───── Dataset ─────
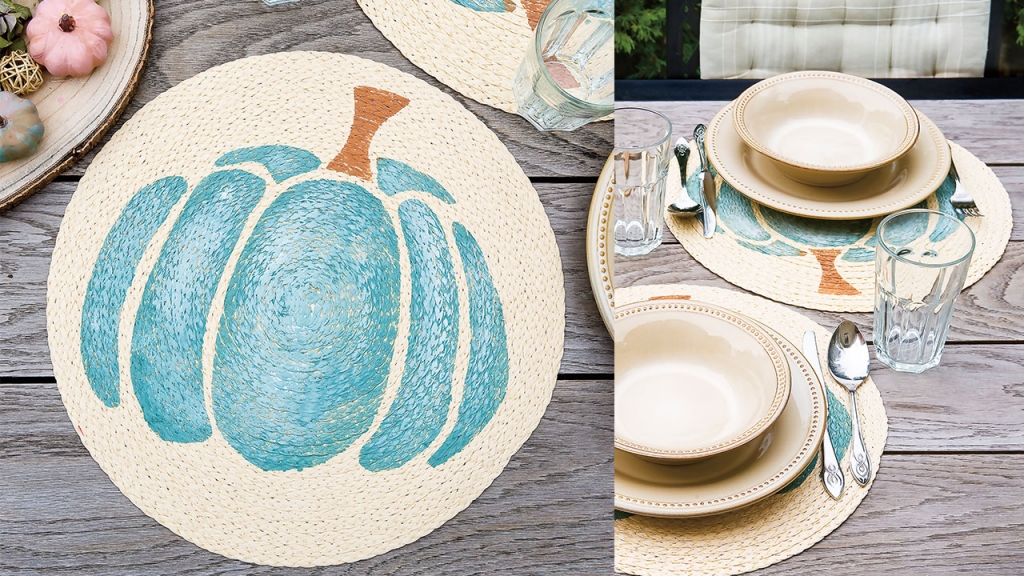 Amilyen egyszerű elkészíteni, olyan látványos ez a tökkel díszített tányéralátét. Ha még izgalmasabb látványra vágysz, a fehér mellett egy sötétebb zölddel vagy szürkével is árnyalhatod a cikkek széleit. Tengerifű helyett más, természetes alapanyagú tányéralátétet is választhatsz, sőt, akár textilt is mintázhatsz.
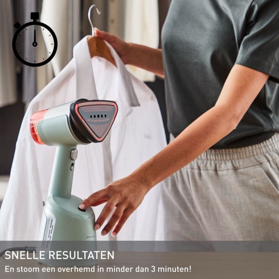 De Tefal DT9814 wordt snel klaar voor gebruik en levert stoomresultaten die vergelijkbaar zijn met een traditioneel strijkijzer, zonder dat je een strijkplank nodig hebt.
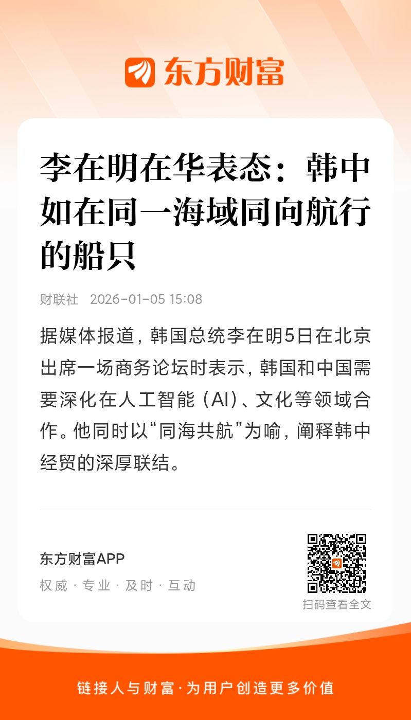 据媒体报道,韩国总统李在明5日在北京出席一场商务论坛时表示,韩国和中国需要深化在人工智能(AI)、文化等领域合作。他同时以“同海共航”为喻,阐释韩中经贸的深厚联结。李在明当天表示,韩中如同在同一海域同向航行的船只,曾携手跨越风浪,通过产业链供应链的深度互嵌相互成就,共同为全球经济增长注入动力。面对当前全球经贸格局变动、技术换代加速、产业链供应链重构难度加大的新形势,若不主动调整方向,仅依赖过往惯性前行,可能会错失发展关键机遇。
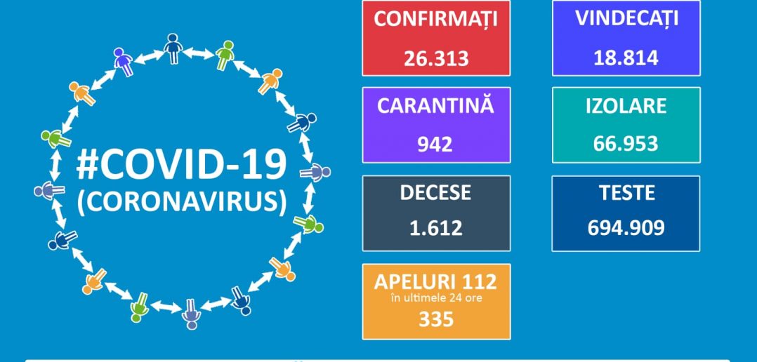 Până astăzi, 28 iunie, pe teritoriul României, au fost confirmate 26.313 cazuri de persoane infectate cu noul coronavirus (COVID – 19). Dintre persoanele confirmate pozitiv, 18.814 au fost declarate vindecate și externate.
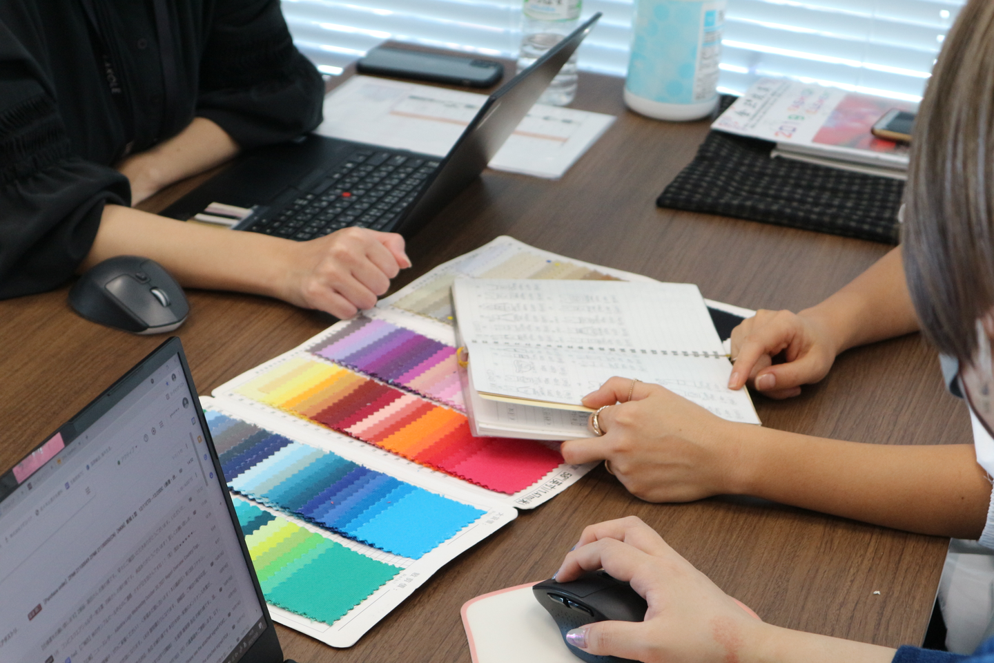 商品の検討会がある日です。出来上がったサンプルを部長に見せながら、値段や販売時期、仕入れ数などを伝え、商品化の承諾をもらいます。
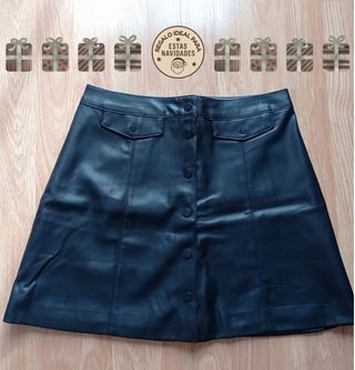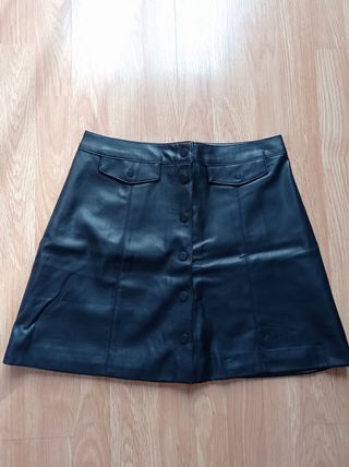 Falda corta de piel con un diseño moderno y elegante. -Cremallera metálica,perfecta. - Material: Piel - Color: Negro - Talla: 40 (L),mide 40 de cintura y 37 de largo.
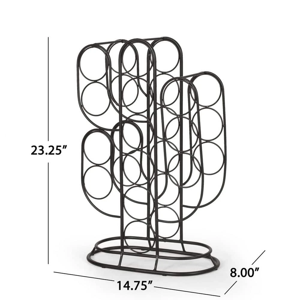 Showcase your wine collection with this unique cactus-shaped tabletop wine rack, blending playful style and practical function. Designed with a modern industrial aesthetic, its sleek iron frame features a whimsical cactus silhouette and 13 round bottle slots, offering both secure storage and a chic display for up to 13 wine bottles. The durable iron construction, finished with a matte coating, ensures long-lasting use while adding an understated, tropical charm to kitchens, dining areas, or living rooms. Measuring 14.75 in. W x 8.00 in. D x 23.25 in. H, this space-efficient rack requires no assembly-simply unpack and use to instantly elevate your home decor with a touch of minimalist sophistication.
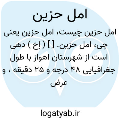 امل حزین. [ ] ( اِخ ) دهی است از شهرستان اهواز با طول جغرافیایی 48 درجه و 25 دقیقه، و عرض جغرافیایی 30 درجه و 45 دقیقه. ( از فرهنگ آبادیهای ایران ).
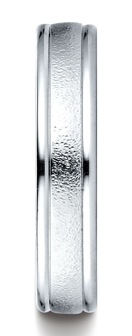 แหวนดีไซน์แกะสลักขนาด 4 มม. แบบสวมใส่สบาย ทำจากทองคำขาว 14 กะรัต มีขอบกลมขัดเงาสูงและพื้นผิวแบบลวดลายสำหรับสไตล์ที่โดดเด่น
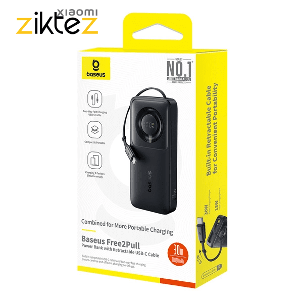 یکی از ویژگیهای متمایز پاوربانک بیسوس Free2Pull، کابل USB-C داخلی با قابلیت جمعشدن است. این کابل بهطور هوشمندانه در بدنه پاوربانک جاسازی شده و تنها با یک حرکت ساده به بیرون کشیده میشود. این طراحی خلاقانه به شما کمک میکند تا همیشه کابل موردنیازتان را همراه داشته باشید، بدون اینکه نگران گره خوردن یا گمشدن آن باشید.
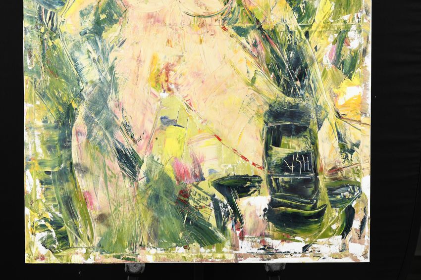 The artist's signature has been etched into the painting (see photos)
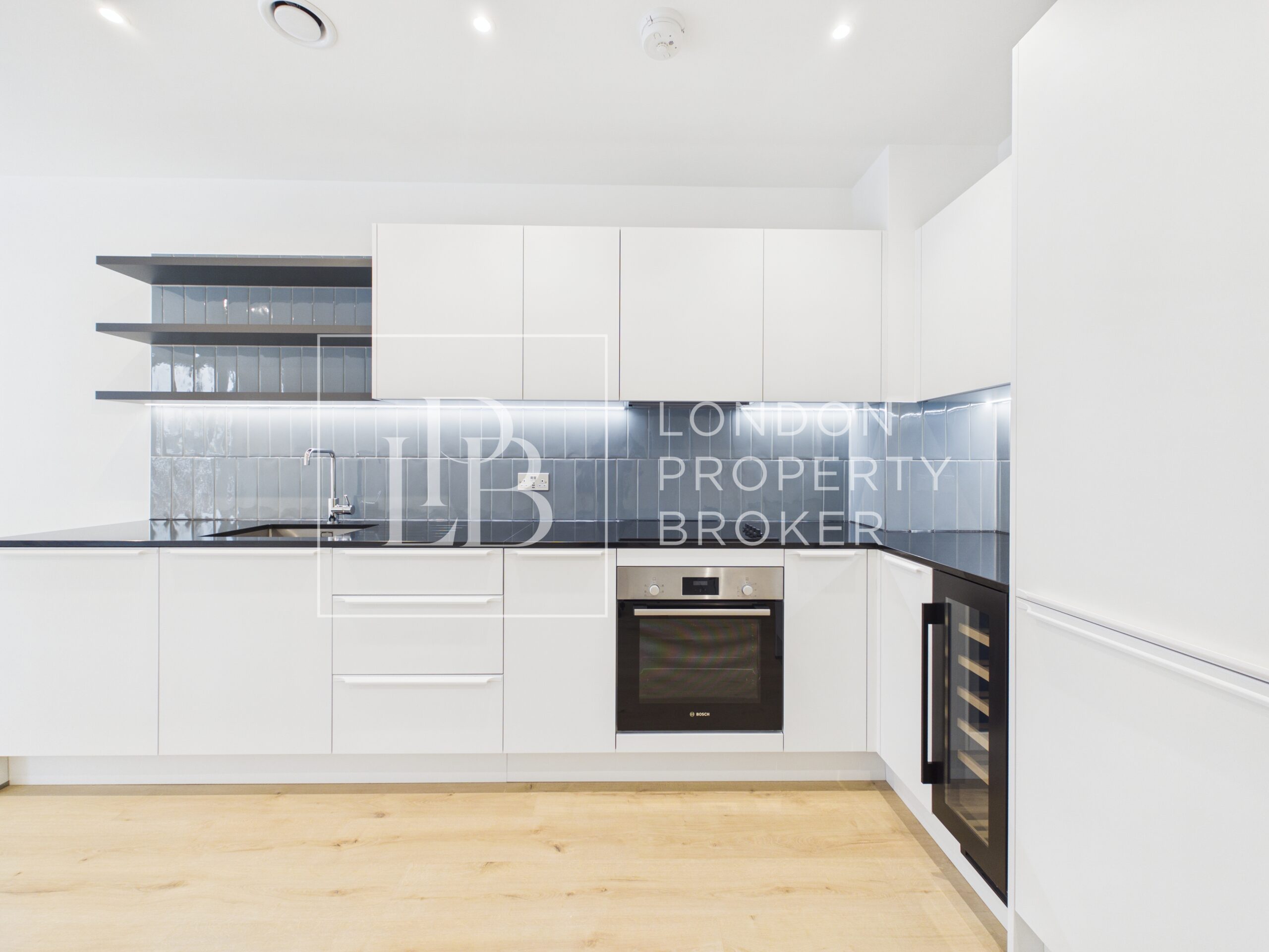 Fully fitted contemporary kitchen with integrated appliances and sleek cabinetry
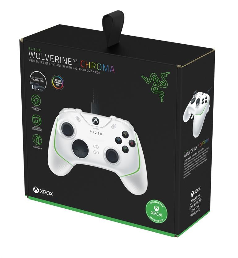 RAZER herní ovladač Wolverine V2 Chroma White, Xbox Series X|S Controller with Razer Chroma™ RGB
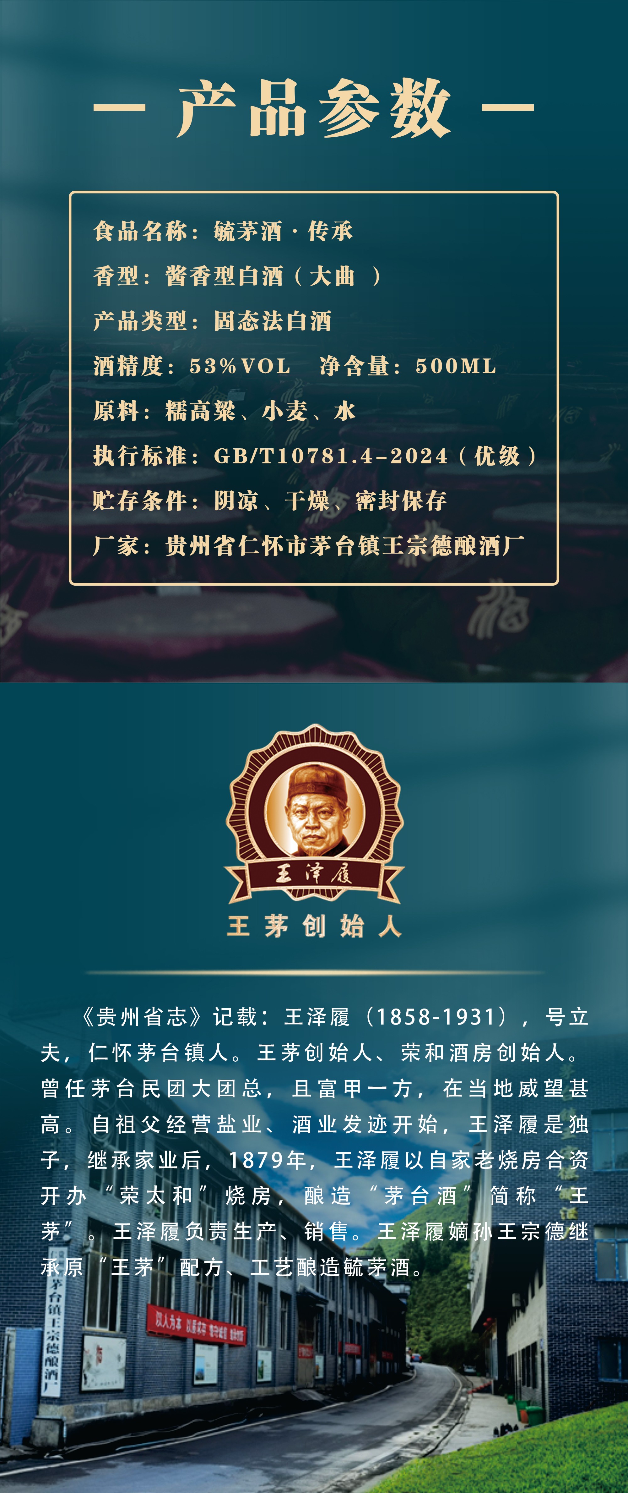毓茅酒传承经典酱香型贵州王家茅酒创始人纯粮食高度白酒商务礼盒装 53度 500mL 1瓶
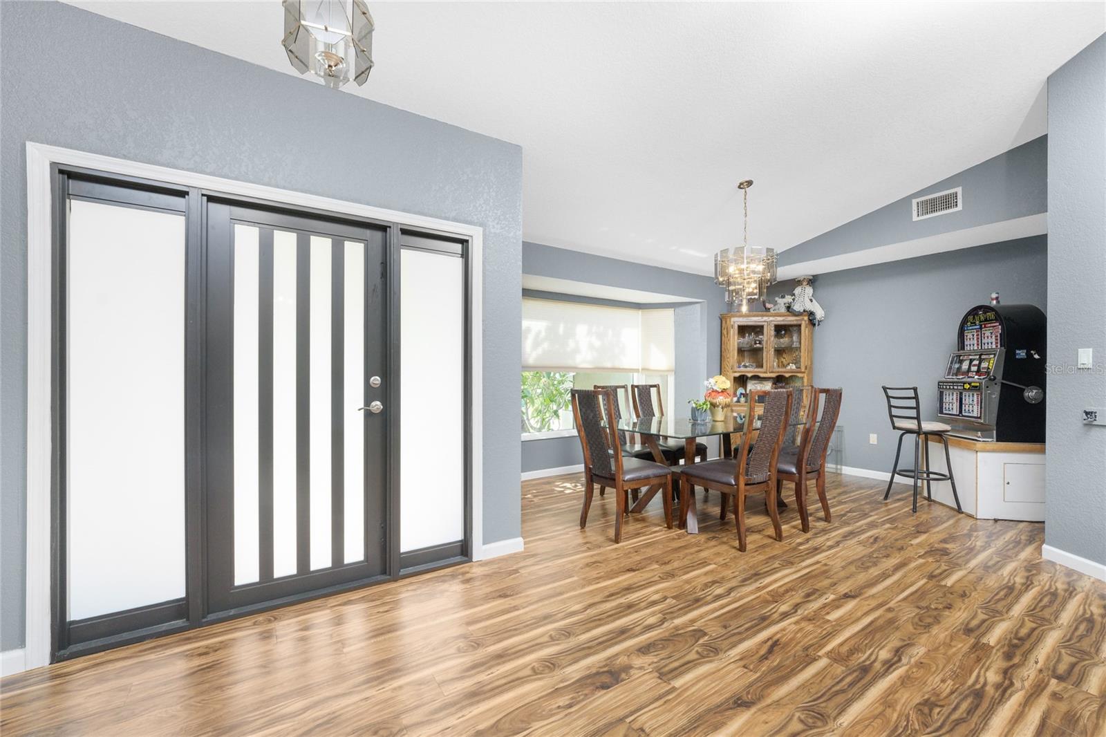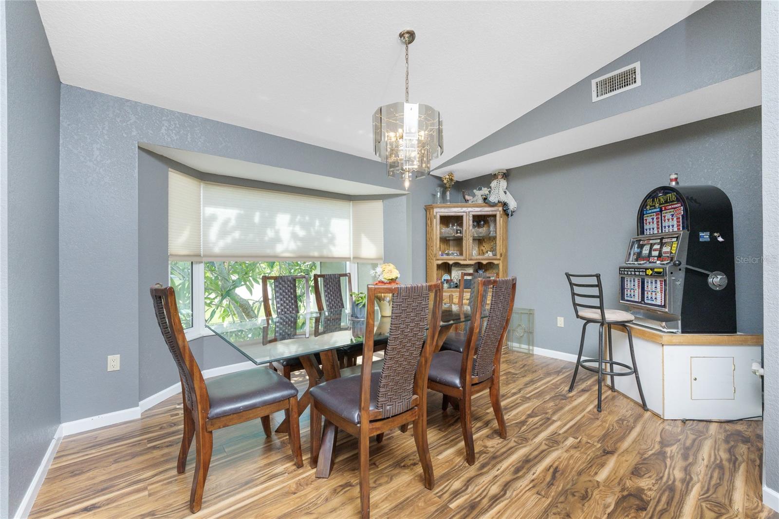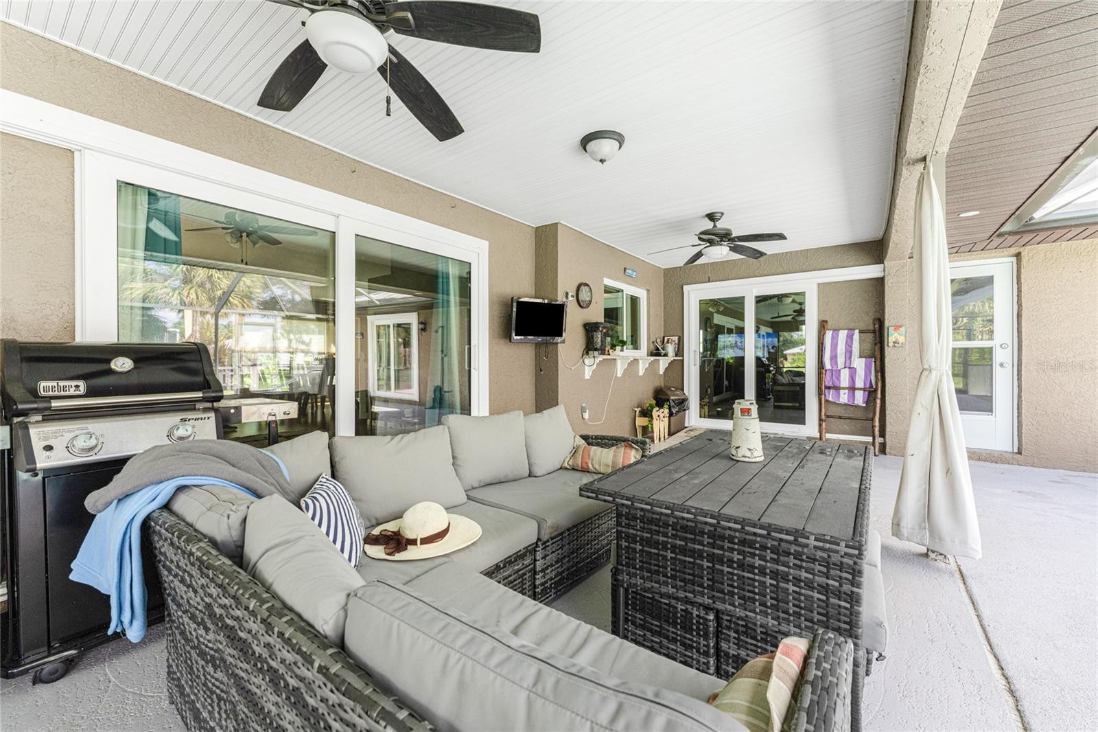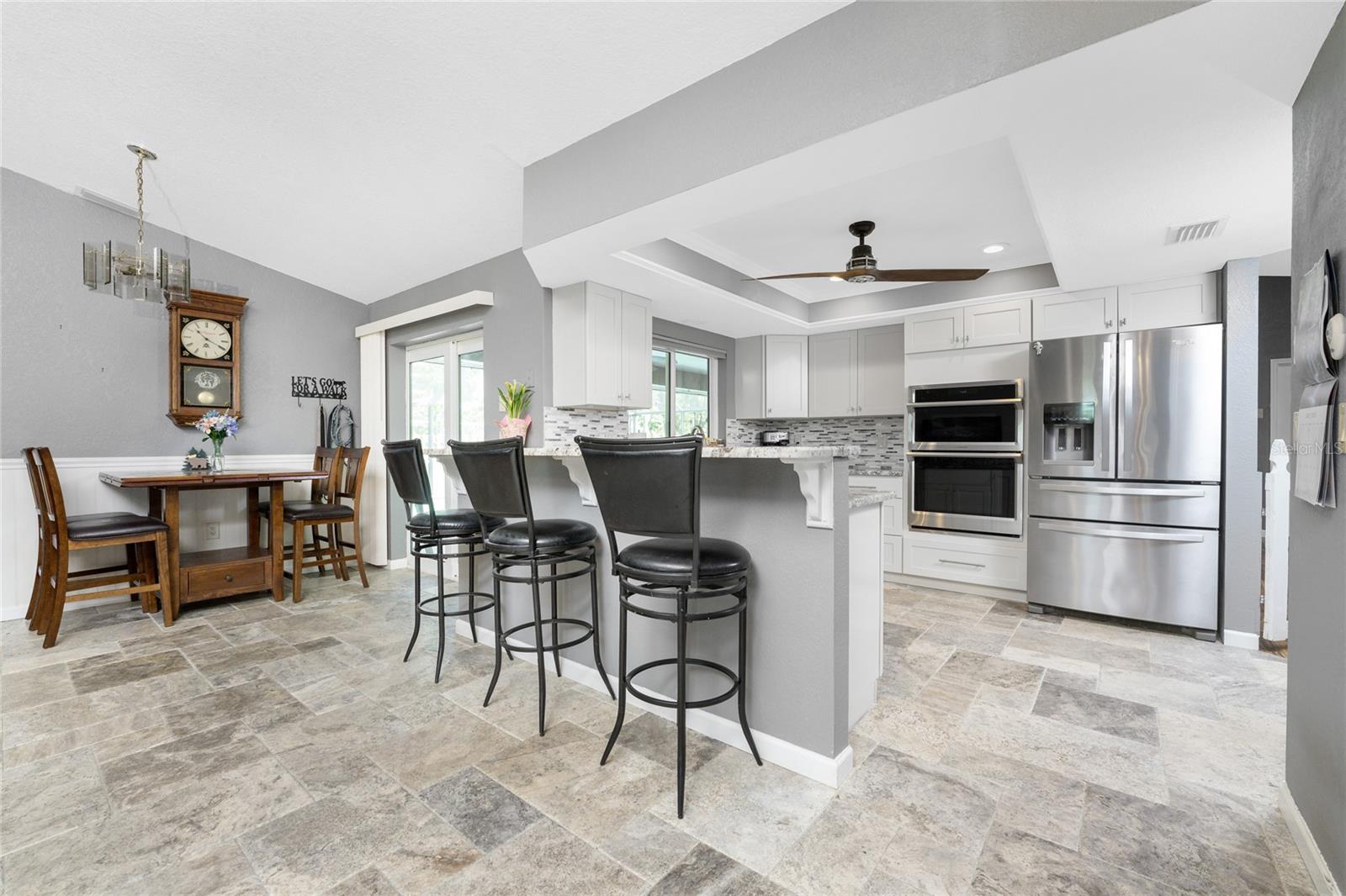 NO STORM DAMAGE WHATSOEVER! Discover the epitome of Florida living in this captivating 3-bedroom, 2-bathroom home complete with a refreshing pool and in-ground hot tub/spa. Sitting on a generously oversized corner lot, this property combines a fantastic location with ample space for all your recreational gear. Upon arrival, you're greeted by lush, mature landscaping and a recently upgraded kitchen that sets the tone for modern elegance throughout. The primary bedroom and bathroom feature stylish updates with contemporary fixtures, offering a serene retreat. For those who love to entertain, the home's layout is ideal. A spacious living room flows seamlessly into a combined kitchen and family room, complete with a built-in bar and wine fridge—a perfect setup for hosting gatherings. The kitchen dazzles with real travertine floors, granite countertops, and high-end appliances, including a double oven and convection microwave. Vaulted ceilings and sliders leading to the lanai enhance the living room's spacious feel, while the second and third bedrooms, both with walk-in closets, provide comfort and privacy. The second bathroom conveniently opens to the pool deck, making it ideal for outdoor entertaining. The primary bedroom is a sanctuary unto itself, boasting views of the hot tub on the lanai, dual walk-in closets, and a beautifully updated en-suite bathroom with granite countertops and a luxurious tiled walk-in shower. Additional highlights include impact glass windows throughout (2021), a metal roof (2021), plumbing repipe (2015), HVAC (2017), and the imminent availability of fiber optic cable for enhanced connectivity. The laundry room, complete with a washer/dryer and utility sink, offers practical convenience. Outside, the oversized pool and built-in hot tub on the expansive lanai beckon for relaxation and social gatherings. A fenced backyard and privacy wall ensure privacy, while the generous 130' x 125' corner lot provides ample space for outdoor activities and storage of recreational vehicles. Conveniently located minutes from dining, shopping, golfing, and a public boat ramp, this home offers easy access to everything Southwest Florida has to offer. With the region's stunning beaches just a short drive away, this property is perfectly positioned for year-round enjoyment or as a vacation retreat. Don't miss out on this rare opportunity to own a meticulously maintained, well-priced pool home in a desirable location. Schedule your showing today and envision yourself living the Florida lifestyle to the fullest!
─────
▸ **Directions**: Only the lines above starting with the line with "The artist's signature" and going on through the line with "毓茅酒传承经典酱香型贵州王家茅酒创始人纯粮食高度白酒商务礼盒装 53度 500mL 1瓶" belong in the answer; repeat them exactly, minus any picture.

▸ **Solution to this exercise**:
 The artist's signature has been etched into the painting (see photos)
 Fully fitted contemporary kitchen with integrated appliances and sleek cabinetry
 RAZER herní ovladač Wolverine V2 Chroma White, Xbox Series X|S Controller with Razer Chroma™ RGB
毓茅酒传承经典酱香型贵州王家茅酒创始人纯粮食高度白酒商务礼盒装 53度 500mL 1瓶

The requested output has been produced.